# adk-browser
Browser automation tools for ADK-Rust agents using WebDriver (via [thirtyfour](https://crates.io/crates/thirtyfour)).
## Overview
This crate provides 46 browser automation tools as ADK `Tool` implementations, allowing LLM agents to interact with web pages. Tools are organized into categories and can be selectively enabled via profiles or builder toggles.
## Requirements
A WebDriver-compatible server must be running:
```bash
# ChromeDriver
brew install chromedriver && chromedriver --port=4444
# Selenium (Docker)
docker run -d -p 4444:4444 -p 7900:7900 selenium/standalone-chrome
# With noVNC viewer (port 7900) — use observable() config
```
## Quick Start
```rust,ignore
use adk_browser::{BrowserConfig, BrowserSession, BrowserToolset, BrowserProfile};
use std::sync::Arc;
// Create and start a browser session
let config = BrowserConfig::new().headless(true).viewport(1920, 1080);
let browser = Arc::new(BrowserSession::new(config));
browser.start().await?;
// Use a profile to limit tools (recommended)
let toolset = BrowserToolset::with_profile(browser.clone(), BrowserProfile::FormFilling);
let tools = toolset.all_tools();
// Or use minimal_browser_tools() for the smallest set
let tools = adk_browser::minimal_browser_tools(browser.clone());
// Clean up
browser.stop().await?;
```
## Tool Profiles
Instead of using all 46 tools (which can overwhelm LLM context windows), use a profile:
| `Minimal` | 19 | Navigation + interaction + extraction + wait + screenshot |
| `FormFilling` | 19 | Same as Minimal — optimized for form-filling agents |
| `Scraping` | 13 | Navigation + extraction + screenshot + scroll (no interaction) |
| `Full` | 46 | All tools — use only when full browser control is needed |
```rust,ignore
let toolset = BrowserToolset::with_profile(browser, BrowserProfile::FormFilling);
```
For even fewer tools, use the helper functions:
```rust,ignore
// 6 tools: navigate, click, type, extract_text, wait_for_element, screenshot
let tools = minimal_browser_tools(browser.clone());
// 7 tools: navigate, extract_text, extract_attribute, extract_links, page_info, screenshot, scroll
let tools = readonly_browser_tools(browser.clone());
```
Or use the builder for fine-grained control:
```rust,ignore
let toolset = BrowserToolset::new(browser)
.with_navigation(true)
.with_interaction(true)
.with_extraction(true)
.with_wait(true)
.with_screenshot(true)
.with_js(false)
.with_cookies(false)
.with_windows(false)
.with_frames(false)
.with_actions(false);
```
## Tool Response Format
All navigation tools (`browser_navigate`, `browser_back`, `browser_forward`, `browser_refresh`) and interaction tools (`browser_click`, `browser_type`, `browser_clear`, `browser_select`) include a `"page"` field in their JSON response containing the current page context (URL, title, and truncated page text). This gives the LLM consistent situational awareness after any browser operation.
```json
{
"success": true,
"url": "https://example.com",
"title": "Example",
"page": { "url": "https://example.com", "title": "Example", "text": "..." }
}
```
If page context capture fails after a successful operation, the response includes a `"page_context_error"` field instead of `"page"`.

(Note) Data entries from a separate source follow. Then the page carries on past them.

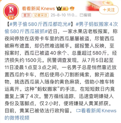 男子四次偷窃共计580斤西瓜,并将所有西瓜自己吃光,该行为涉嫌盗窃,被盗物品为西瓜,总重量达数百斤,事件提醒人们要遵守法律法规,不要因个人贪念而违法,也呼吁商家加强防盗措施,保护自己的合法权益,此事件反映出社会对于个人道德和法制意识的重视,应当引起广泛关注。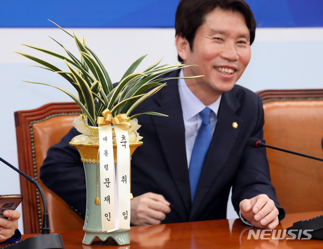 【서울=뉴시스】 박영태 기자 = 이인영 더불어민주당 신임 원내대표가 9일 오전 서울 여의도 국회 더불어민주당 원내대표실을 예방한 강기정 청와대 정무수석으로부터 문재인 대통령의 취임 축하 난을 받은 후 환하게 웃고 있다. 2019.05.09.
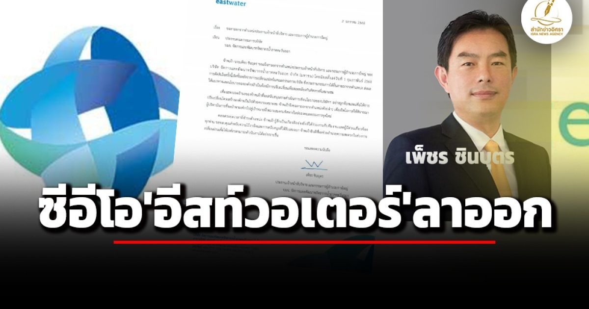 สำนักข่าวอิศรา (www.isranews.org) รายงานว่า เมื่อวันที่ 2 ม.ค.ที่ผ่านมา นายเพ็ชร ชินบุตร ประธานเจ้าหน้าที่บริหาร และกรรมการผู้อำนวยการใหญ่ บมจ.จัดการและพัฒนาทรัพยากรน้ำภาคตะวันออก (EASTW) หรือ อีสท์วอเตอร์ ได้ยื่นหนังสือถึงประธานคณะกรรมการบริษัท อีสท์วอเตอร์ ขอลาออกจากตำแหน่งประธานเจ้าหน้าที่บริหาร และกรรมการผู้อำนวยการใหญ่ อีสท์วอเตอร์ โดยมีผลตั้งแต่วันที่ 1 ก.พ.2568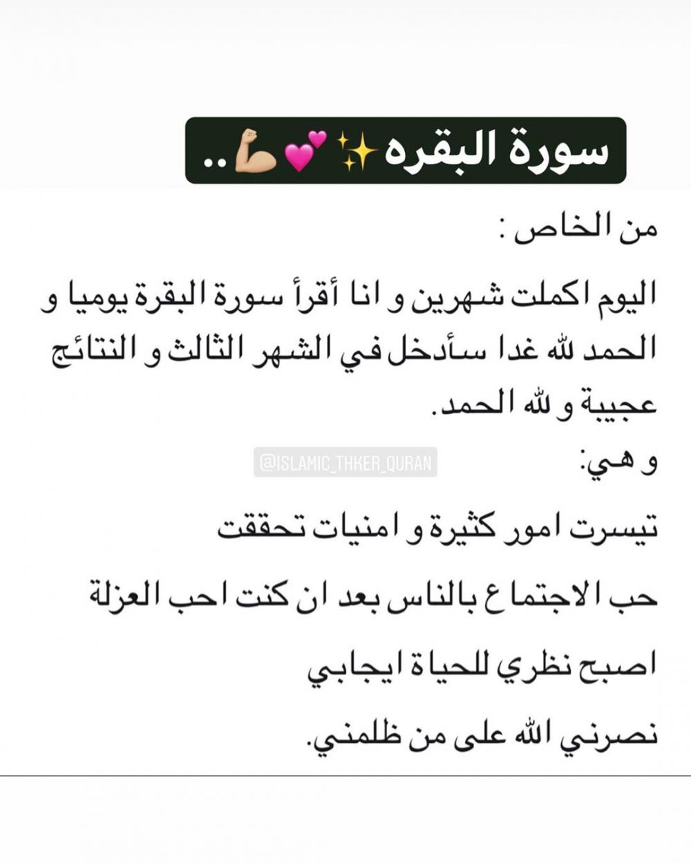الحمد لله حمدا كثيرا طيبا . . الحمد لله أن منّ علي ربي بالمداومة على قراءتها . . صارلي ۷ سنوات متزوجة ، وزوجي عنيد ما يسمع رأيي بشي في كل الأمور والحين أي شي أقوله له بسرعه يسويه . . حتى اول اتمنى يقوم يصلي القيام . . والحين بدأ،،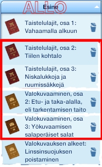 - Valokuvauskirjat 2 ja 3 sekä Sim-Fu kirjat 2 ja 3 on poistettu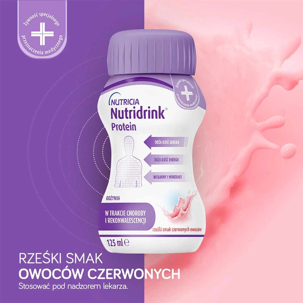 Nutridrink Protein to żywność specjalnego przeznaczenia medycznego. Do postępowania dietetycznego w niedożywieniu i ryzyku niedożywienia związanym z chorobą, szczególnie u pacjentów ze zwiększonym zapotrzebowaniem białkowym. Stosować pod nadzorem lekarza.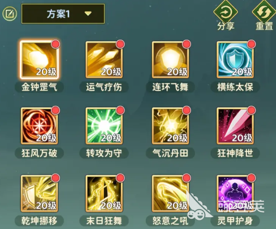 根据这些特性1转,必选点满能增加防御力的“金钟罡气”,以及延长愤怒时间的“狂风万破”,这两个分别能增加防御力和提升爆发,是前期一定要打好打基础,2转就可以去点满“转攻为守”。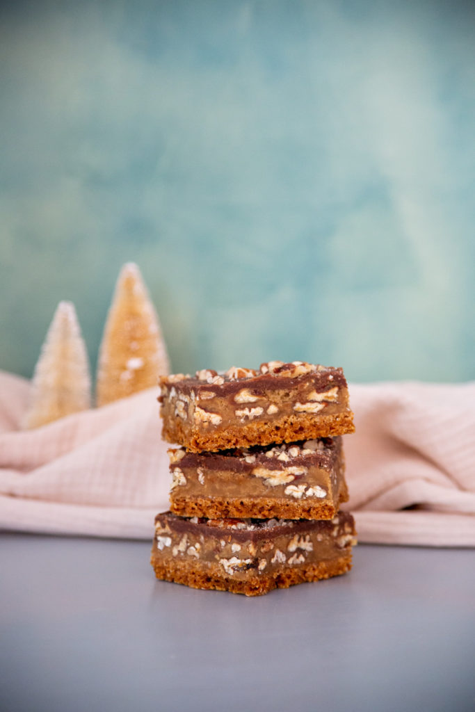 Our holiday favourite! The famous turtles bars have a graham base, rich caramel with toasted pecans, topped with a milk chocolate ganache.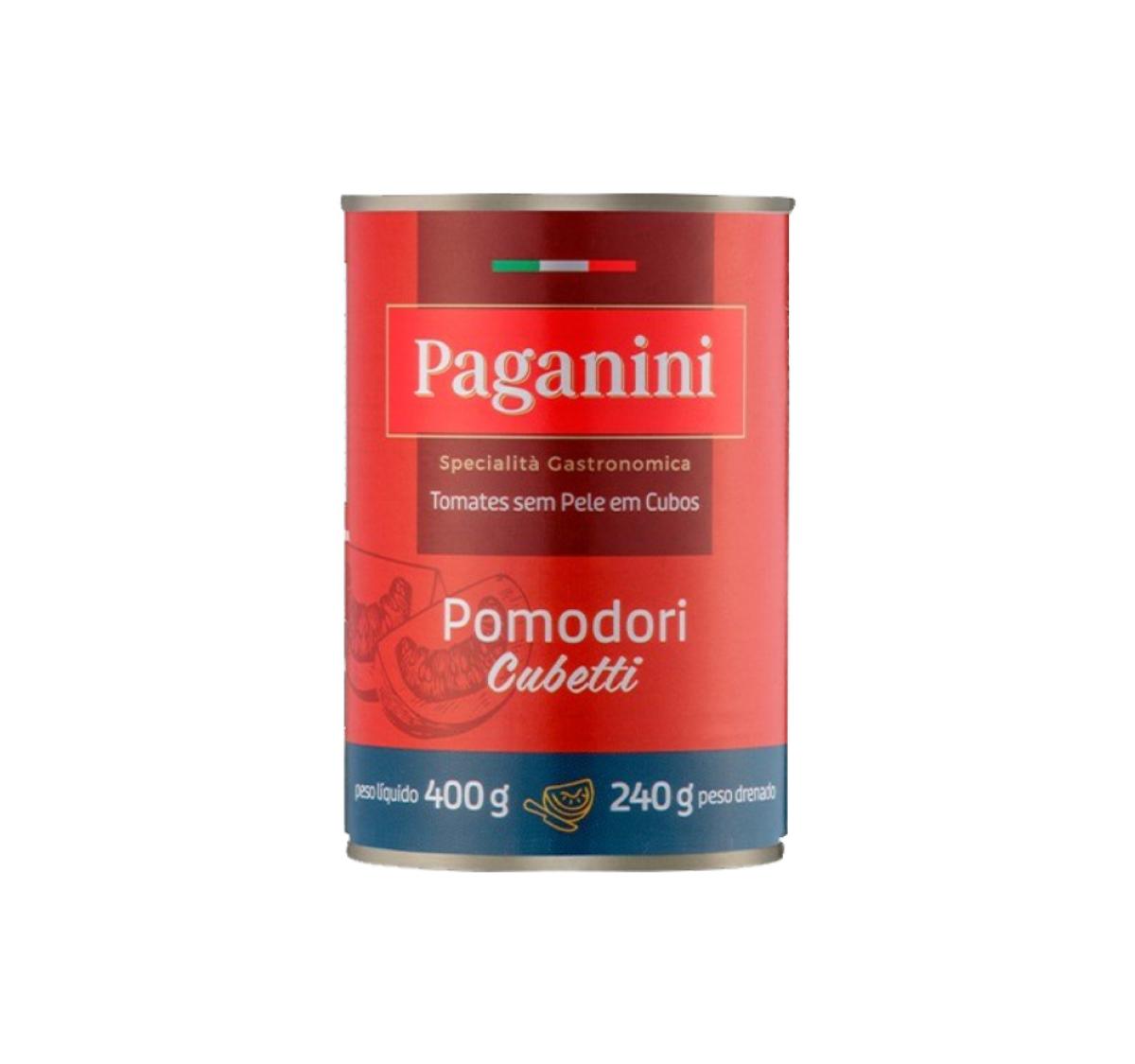 O Tomate Pelado Italiano em Cubos Paganini 400g é preparado na Itália com tomates frescos, colhidos no ponto certo de maturação e cortados em cubos, preservando o sabor autêntico e a praticidade no preparo.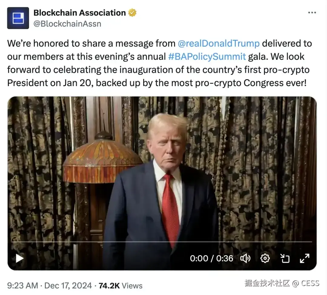 美国总统特朗普致电峰会,向参会者表达祝贺,他强调了区块链和加密行业在国家经济与安全中的关键作用,并表示新政府将支持加密政策的积极推进,倾听行业声音,推动创新与监管平衡发展。正如特朗普在视频电话中所说的:”We behind you, we fight for you",区块链技术的发展,行业的进步离不开底层基础设施的建设,离不开官方层面上的合规发展。如 CESS 一般在行业建设的基础设施项目,在峰会上向立法者们展示了技术的创新魅力和真实用例价值。

## Multi-Tenant Browser Agents
For production multi-tenant use, create a pool-backed `BrowserToolset` and register it with `LlmAgentBuilder` via `.toolset()`. The toolset resolves a per-user `BrowserSession` from the pool at each invocation using the context's `user_id`.
```rust,ignore
use adk_browser::{BrowserConfig, BrowserSessionPool, BrowserToolset, BrowserProfile};
use std::sync::Arc;
// Create a session pool (shared across all invocations)
let pool = Arc::new(BrowserSessionPool::new(BrowserConfig::default(), 10));
// Pool-backed toolset — sessions resolved per-user at runtime
let toolset = BrowserToolset::with_pool(pool.clone());
// Or with a profile to limit tool categories
let toolset = BrowserToolset::with_pool_and_profile(pool.clone(), BrowserProfile::FormFilling);
// Register with an agent via .toolset()
let agent = LlmAgent::builder()
.model(model)
.toolset(Arc::new(toolset))
.build();
```
Pool-backed toolsets resolve sessions lazily — `pool.get_or_create(user_id)` is called inside `Toolset::tools(ctx)`. The synchronous `all_tools()` method returns an empty vec for pool-backed toolsets (with a warning log). Use `Toolset::tools(ctx)` or `try_all_tools()` instead.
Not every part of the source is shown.